Затем идет рассказ о судьбе Энсона — человека очень богатого, который к тридцати годам становится стариком. У него нет семьи, хотя он никогда не был нелюдимым и много раз собирался жениться. Он жесток по отношению к женщинам, с которыми близок, его жестокость порождена его богатством, ощущением того, что ему все позволено, и полным пренебрежением к человеческим, гуманным сторонам жизни. Он вмешивается в жизнь своей тетки, когда узнает, что она изменяет его дяде, — он читает нотацию женщине, которая старше его, и ее любовнику. После этого разговора любовник кончает жизнь самоубийством, а через некоторое время умирает и тетка. Энсон «никогда не винил себя за свое участие в этом деле. Ситуация, которая вызвала его, была создана не им. Но правые страдают с неправыми» [11]. Став причиной гибели двух человек, он продолжает считать себя подлинным устоем общества.
Богатство обеспечило Энсону положение в высшем свете и в мире бизнеса, но вместе с тем в нем есть червоточина, которая губит его, делает его человеком бессодержательным. У него «совсем не было того качества, — отмечает Фицджеральд, — которое по-разному называют — то „идеализмом“, то „иллюзиями“. Энсон принимал безоговорочно мир больших финансов и экстравагантностсй, разводов и развлечений, снобизма и привилегий. Большинство наших жизней кончается компромиссом — компромиссом началась его жизнь» [12].
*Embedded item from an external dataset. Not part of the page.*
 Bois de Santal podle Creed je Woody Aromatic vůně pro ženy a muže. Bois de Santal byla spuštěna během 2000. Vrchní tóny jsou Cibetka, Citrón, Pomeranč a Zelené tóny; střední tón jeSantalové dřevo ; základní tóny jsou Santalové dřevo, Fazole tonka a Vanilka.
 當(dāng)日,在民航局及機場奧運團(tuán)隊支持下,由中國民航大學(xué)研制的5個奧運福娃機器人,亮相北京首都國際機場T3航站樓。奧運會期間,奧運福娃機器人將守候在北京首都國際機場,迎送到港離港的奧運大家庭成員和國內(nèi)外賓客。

Этот компромисс с жизнью и с человеческой совестью и есть та червоточина в характере Энсона, которая губит в нем человека. Его компромисс с жизнью достигается за счет человечности. Энсону кажется, что деньги могут все, что они дают ему чувство превосходства над людьми. Для Фицджеральда это чувство равнозначно враждебности к человеку, к человеческому. Богатый парень Энсон для Фицджеральда — человек другой социальной породы, другого и глубоко чуждого ему класса.
Для Фицджеральда категория богатства не была чисто экономической категорией, и это правильно подметил Хемингуэй. В рассказе «Снега Килиманджаро» писатель Гарри вспоминает о Фицджеральде: «Богатые — скучный народ, все они слишком много пьют или слишком много играют в трнк-трак. Скучные и все на один лад. Он вспомнил беднягу Скотта Фицджеральда, и его восторженное благоговение перед ними, и как он написал однажды рассказ, который начинался так: „Богатые не похожи на нас с вами“. И кто-то сказал Фицджеральду: „Правильно, у них денег больше“. По Фицджеральд не понял шутки. Он считал их особой расой, окутанной дымкой таинственности, и когда он убедился, что они совсем не такие, это согнуло его больше, чем что-либо другое» [13].
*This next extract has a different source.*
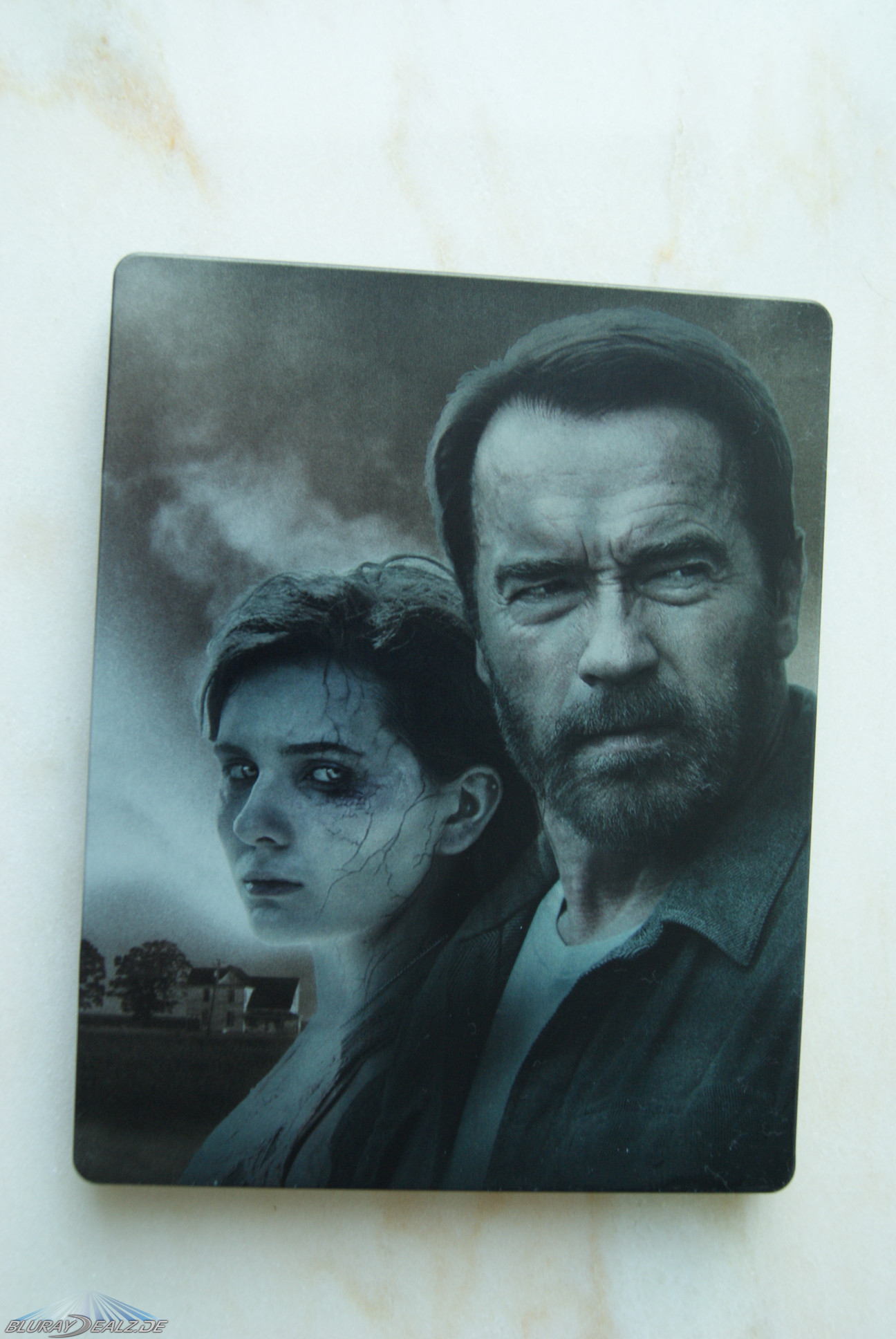 Das Backcover zeigt in den gleichen gedeckten Farben das bekannte Cover der Amaray mit Arnold Schwarzenegger als „Wade“ auf der rechten und Abigail Breslin als bereits fortgeschritten verwandelte „Maggie“ auf der linken Seite. Links neben Breslin ist noch das Haus zu sehen, in dem Wade mit seiner Familie wohnt. Dieses und insbesondere das helle Gesicht von Maggie weisen leichte Glanzeffekte auf. Am hervorstechendsten sind dabei die Augen Maggies, die das Licht sehr stark reflektieren und je nach Lichteinfall einen leichten Blauschimmer haben. Positiv zu vermerken ist die Absenz jedweden Textes.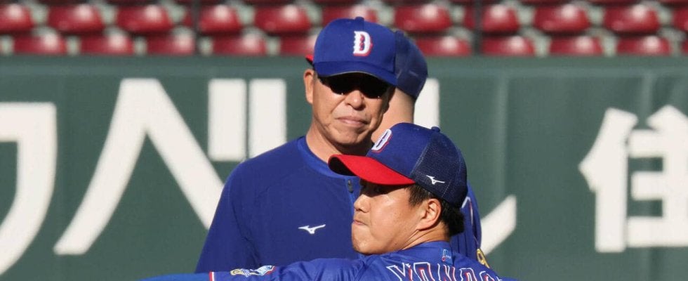 【写真】中日柳裕也。後ろは井上一樹監督(2026年3月撮影)

Хемингуэй прав, утверждая, что для Фицджеральда богатые были особой расой, но с ним нельзя согласиться, когда он говорит о восторженном благоговении Фицджеральда перед ними. Конечно, Фицджеральд считал, что богатство приносит много благ человеку в буржуазном мире, но он не столько благоговел перед богатыми, сколько ненавидел их. Для него богатство не было просто большой суммой денег, находящейся в руках того или иного человека. Богатые действительно были для него особой расой, но не биологически, а социально. Богатство, с точки зрения Фицджеральда, — явление не только экономическое, оно имело для него определенные моральные, этические стороны. Богатые — это особая раса людей, которым все позволено в буржуазном мире и которые поэтому лишены человечности. Духовная глухота богатых, дегуманизирующая сила богатства — вот основное этическое свойство этой расы. И Хемингуэй, конечно, едва ли прав, заявляя устами своего героя, что эта раса богатых окутана дымкой таинственности для Фицджеральда — ведь он своим творчеством стремился разрушить эту дымку таинственности, стремился проникнуть в чуждый ему мир богатых, чтобы рассказать о нем не так, как это делалось в дешевых и нелепых голливудских кинокартинах.
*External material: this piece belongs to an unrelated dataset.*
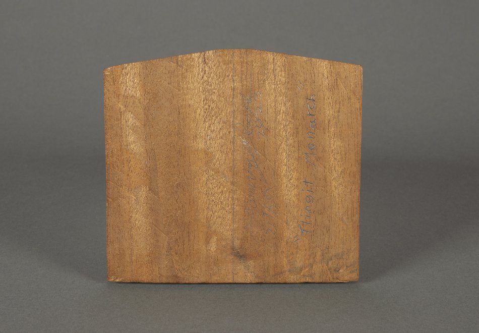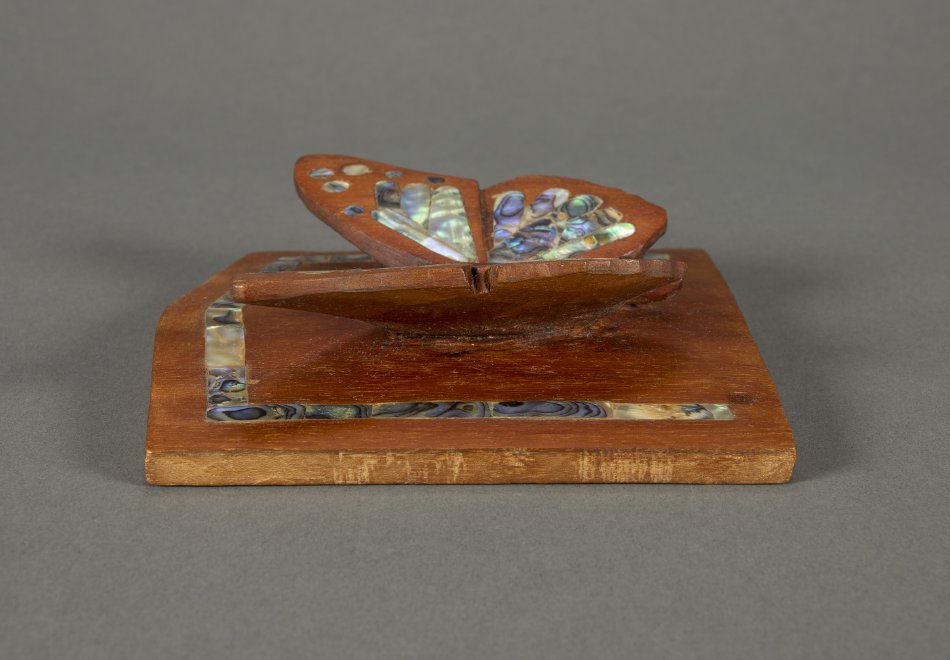 A frontlet was traditionally worn by high-ranking individuals for ceremonial occasions. The frontlet features the owner's house or clan crest carved in high relief, and is traditionally part of an elaborate headdress. This frontlet is made of mahogany and carved in the shape of a butterfly with abalone inlay. It was created when Naal xak'w, Tommy Joseph, taught the Mixed Level Carving - Frontlets class in 2023.

В этом глубоком ощущении социальных аспектов американского общества и тесной связи социальной и морально-этической сторон основного его конфликта, порождающего американские трагедии, — главный пафос раннего творчества Фицджеральда.
Трагизм американской жизни видел и Хемингуэй, но причины его они понимали по-разному. Хемингуэй не принимал позиции Фицджеральда, в рассказе «Снега Килиманджаро» и особенно в повести «Праздник, который всегда с тобой» пытался высмеять Фицджеральда как бытописателя богатых, и в этом он не прав, хотя понятно и оправданно его сожаление и огорчение по поводу неумеренной растраты таланта Фицджеральда в его буквально поденной работе для массовых журналов, где он пытался получать большие гонорары.
В отношении Хемингуэя к Фицджеральду сказалось различие их творческих индивидуальностей. Хемингуэй стремился показать сильного, мужественного человека, ищущего свое место в жизни и, впрочем, часто его не находящего. Поиски настоящей человечности влекли его к людям, лишенным страстей к наживе и преуспеянию. Человечность же Фицджеральда проявлялась в его ненависти к богатым, в его стремлении показать противочеловечность богатых и богатства. И когда героями Фицджеральда были люди, лишенные богатства, эти человечные герои оказывались жертвой бесчеловечности богатых, оказывались не в состоянии противостоять богатым.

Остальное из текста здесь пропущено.